The experimental evaluation substantiates RemoteRAG's efficacy across various metrics: privacy preservation, retrieval accuracy, and service efficiency. Remarkably, the proposed system achieves no loss in retrieval accuracy compared to non-private baselines, all while enforcing differentially private guarantees. Communication and computational overheads are kept minimal, demonstrating the service's practicality with only $0.67$ seconds of latency and modest data transmission demands.

For researchers exploring the practical implementation of private RAG systems, the empirical part of this paper serves as an invaluable reference. The use of publicly available datasets and existing LLMs like MiniLM, MPNet, and OpenAI's text-embedding models augments reproducibility and broader applicability of the results.

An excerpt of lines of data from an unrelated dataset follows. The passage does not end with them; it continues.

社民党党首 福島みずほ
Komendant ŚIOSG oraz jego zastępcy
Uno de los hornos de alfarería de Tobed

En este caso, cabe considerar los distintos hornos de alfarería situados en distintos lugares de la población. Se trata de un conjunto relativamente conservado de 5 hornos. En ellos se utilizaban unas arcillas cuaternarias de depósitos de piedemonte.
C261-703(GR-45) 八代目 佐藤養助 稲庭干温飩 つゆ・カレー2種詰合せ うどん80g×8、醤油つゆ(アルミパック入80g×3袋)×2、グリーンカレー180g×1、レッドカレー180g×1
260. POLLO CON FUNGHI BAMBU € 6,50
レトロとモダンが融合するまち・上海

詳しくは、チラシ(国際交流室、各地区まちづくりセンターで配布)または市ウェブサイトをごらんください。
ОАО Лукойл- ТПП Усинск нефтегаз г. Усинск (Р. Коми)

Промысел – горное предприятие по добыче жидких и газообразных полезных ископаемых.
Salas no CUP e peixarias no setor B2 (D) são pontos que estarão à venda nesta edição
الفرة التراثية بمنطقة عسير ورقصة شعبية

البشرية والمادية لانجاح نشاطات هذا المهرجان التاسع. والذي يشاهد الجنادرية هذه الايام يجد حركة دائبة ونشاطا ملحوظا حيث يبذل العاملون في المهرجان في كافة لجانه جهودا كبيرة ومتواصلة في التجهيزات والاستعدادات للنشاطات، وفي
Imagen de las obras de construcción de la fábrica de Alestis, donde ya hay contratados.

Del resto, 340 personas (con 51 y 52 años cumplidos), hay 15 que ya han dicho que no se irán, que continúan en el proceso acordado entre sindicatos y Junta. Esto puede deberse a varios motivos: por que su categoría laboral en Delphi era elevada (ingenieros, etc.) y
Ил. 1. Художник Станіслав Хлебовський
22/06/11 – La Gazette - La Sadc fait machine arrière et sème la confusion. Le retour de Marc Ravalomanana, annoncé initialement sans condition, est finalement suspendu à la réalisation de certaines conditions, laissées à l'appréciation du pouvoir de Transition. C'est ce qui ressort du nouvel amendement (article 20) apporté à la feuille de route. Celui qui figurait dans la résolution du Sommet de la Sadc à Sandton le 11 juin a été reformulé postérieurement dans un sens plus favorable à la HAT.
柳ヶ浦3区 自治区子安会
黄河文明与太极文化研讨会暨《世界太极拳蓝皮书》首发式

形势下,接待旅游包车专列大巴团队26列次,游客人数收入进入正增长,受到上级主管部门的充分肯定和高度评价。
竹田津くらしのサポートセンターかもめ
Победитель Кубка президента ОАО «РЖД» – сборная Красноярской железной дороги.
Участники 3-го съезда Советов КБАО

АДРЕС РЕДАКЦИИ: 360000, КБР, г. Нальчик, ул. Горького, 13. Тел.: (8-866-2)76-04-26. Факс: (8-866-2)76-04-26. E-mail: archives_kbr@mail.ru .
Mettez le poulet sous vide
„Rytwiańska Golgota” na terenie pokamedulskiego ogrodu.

Implications and Future Directions

"RemoteRAG" extends current RAG frameworks by introducing the dimension of privacy-preserving computation, which is crucial for its delegation to third-party cloud services. Theoretical implications include paving pathways for integrating differential privacy principles with embedding-based retrieval, which can be extended to various other AI services requiring external data augmentation.

Practically, the remote model offers insights into constructing data privacy protocols, which can aid organizations dealing with sensitive informations, such as healthcare providers and financial institutions, in deploying AI solutions confidently.

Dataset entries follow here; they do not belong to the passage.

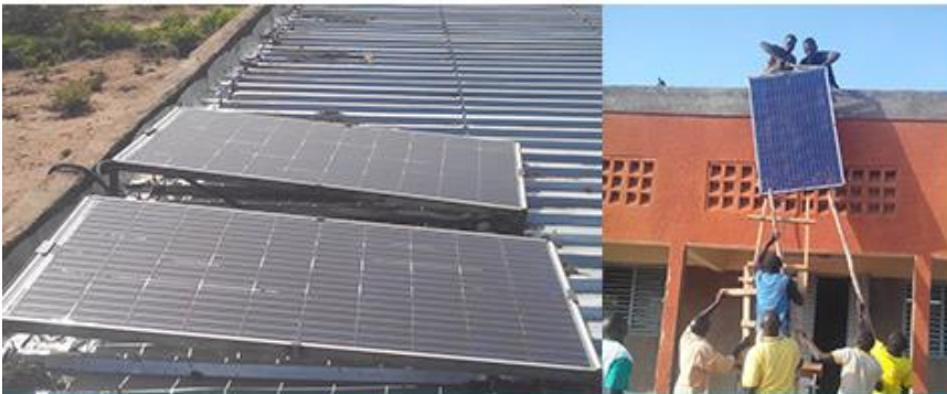
AD'Rfaso - Association pour le développement rural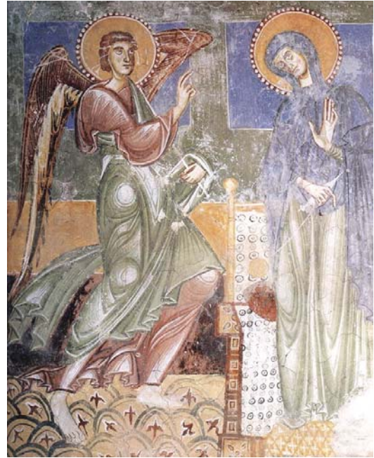
▲ Anunciación. Pinturas murales de Castel Appiano, Bolzano (Italia), c. 1200.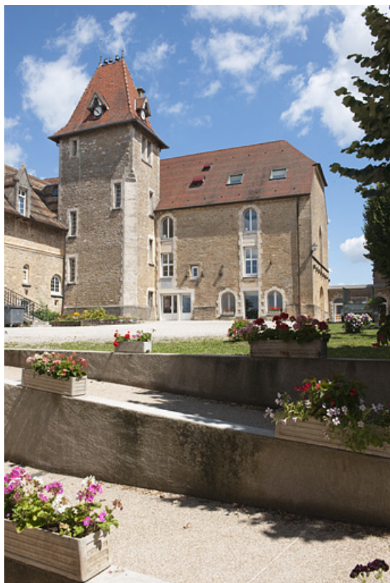
Tour d'escalier du bâtiment (C) et chapelle (D), vue depuis l'entrée. 25, Rougemont quartier de la Citadelle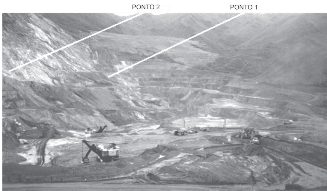
FOTO 1. Panorama geral das operações da mina de Timbopeba.

O talude tem inclinação média de 55 graus, altura atual é de cerca de 380 m, mas poderá alcançar 500 m com o prosseguimento das operações. A superfície do talude encontra-se alterada e fraturada, inclusive alguns bancos estão ausentes. Há fragmentos apenas dispostos em função do atrito, mas sem coesão. Não obstante, as operações mineiras prosseguem. Pode-se observar o talude final e a localização dos pontos de monitoramento. Estes pontos encontram-se o mais próximo possível das zonas mais fraturadas do talude, respeitando os limites mínimos de segurança para os equipamentos e pesquisadores.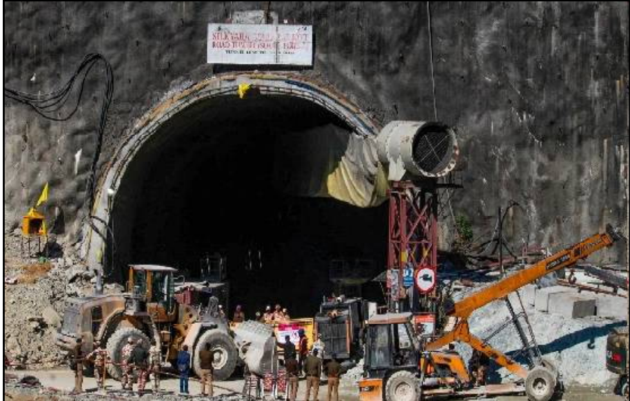
ଖୋଳା ହୋଇପାରିଛି । ମେସିନ୍ ଲାଗି ପ୍ଲଟଫର୍ମ ସ୍ଥିର ହେବା ପରେ ଡ୍ରମିଂ ପ୍ରକ୍ରିୟା ପୁଣି ଆରମ୍ଭ ହେବ । ଏଣୁ ରେଷ୍ଟ୍ରରେ ବାଧା ଉପୁଜିବାରୁ ଅଧିକାରୀଙ୍କ ଅନୁସାରେ ଗୁରୁବାର ଟନେଲରେ ଫଣିଥିବା ଶ୍ରମିକଙ୍କୁ ରାତି ପୁକା ଅପରେସନ ଶେଷ ଅପେକ୍ଷା ଆହୁରି ଦୀର୍ଘ ହୋଇଛି । ଏହା କରାଯିବାର ଥିଲା ।

ଭରତକାଶୀ ୨୩/୧୧ : ଭରତକାଶୀର ସିଲକ୍ୟାରା ଟନେଲରେ ୪୧ ଜଣଙ୍କ ଜୀବନ ବଞ୍ଚାଇବା ପାଇଁ ଉଦ୍ୟମ ଜାରି ରହିଛି । ତେବେ ଭାରତକାଶୀ ଦଳଙ୍କ ଆଗରେ ନୂଆ ସମସ୍ୟା ଦେଖାଦେଇଛି । ଯେଉଁ ପ୍ଲଟଫର୍ମରେ ଆମେରିକୀୟ ଅଗର ମେସିନ୍ କାମ କରୁଥିଲା ସେହି ପ୍ଲଟଫର୍ମଟି ବୋହାଲି ଯାଇଛି । ଏବେ ଏହି ପ୍ଲଟଫର୍ମକୁ ସ୍ଥିର କରିବା ପାଇଁ କାମ ଚାଲିଛି । ଏଥି ପାଇଁ ଅନେକ ସମୟ ଲାଗିପାରେ ବୋଲି ଅନୁମାନ କରାଯାଇଛି । ରେଷ୍ଟ୍ର ଅଧିକାରୀଙ୍କ ଅନୁସାରେ ପ୍ରକଳରେ ଏପର୍ଯ୍ୟନ୍ତ ୪୬.୮ ମିଟର ଖୋଳା ସରିଲାଣି, ତେବେ ଗୁରୁବାର କାମରେ ବାଧା ଦୁର୍ଘଟଣା ଘଟି ଯାଇଛି । ଏଣୁ ସାରା ଦିନରେ ମାତ୍ର ୧.୮ ମିଟର ହିଁ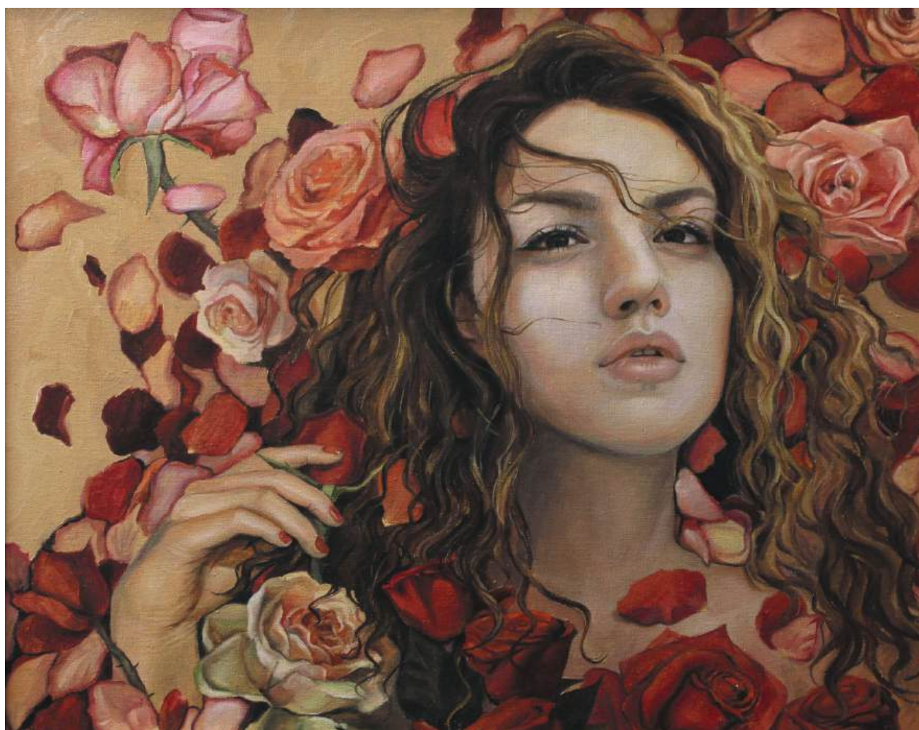
Автопортрет с розами. Холст, масло, 55x46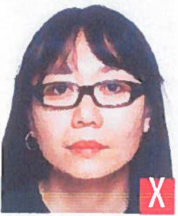
montatura troppo pesante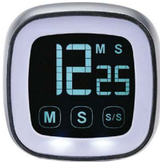
Timer digital, Ghidini, R$ 129,90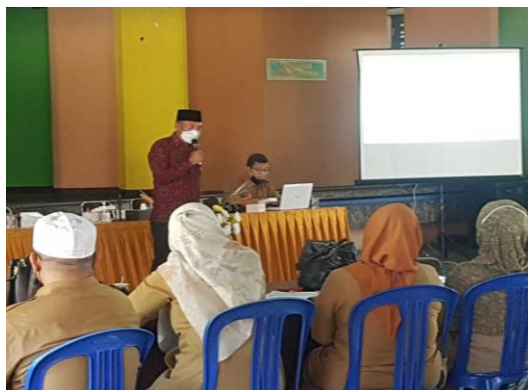
Gambar 1. Sosialisasi kebijakan awal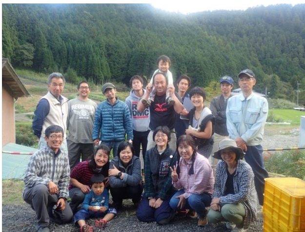
青年農業者の仲間と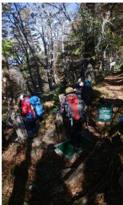
出入口でチェックと靴底泥落とし

メモ : 西大台入山には事前申請と一人1,000円の協力金が必要で入山当日はレクチャーを受けてから出発です。

This foundational research on cloud-based privacy can inspire future developments in both RAG optimization and privacy-preserving computations. There remains room for exploration in enhancing the balance between retrieval accuracy and privacy, potentially via adaptive perturbation techniques. Further research could also investigate optimizing homomorphic encryption implementations to decrease computational overhead further, making this approach attractive for real-time AI applications.

In summary, "RemoteRAG: A Privacy-Preserving LLM Cloud RAG Service" provides a robust methodological framework and an effective practical solution that addresses the privacy concerns associated with leveraging RAG in LLMs. This paper is an insightful addition to the ongoing research on privacy-preserving AI, and it sets the stage for future investigations in this domain.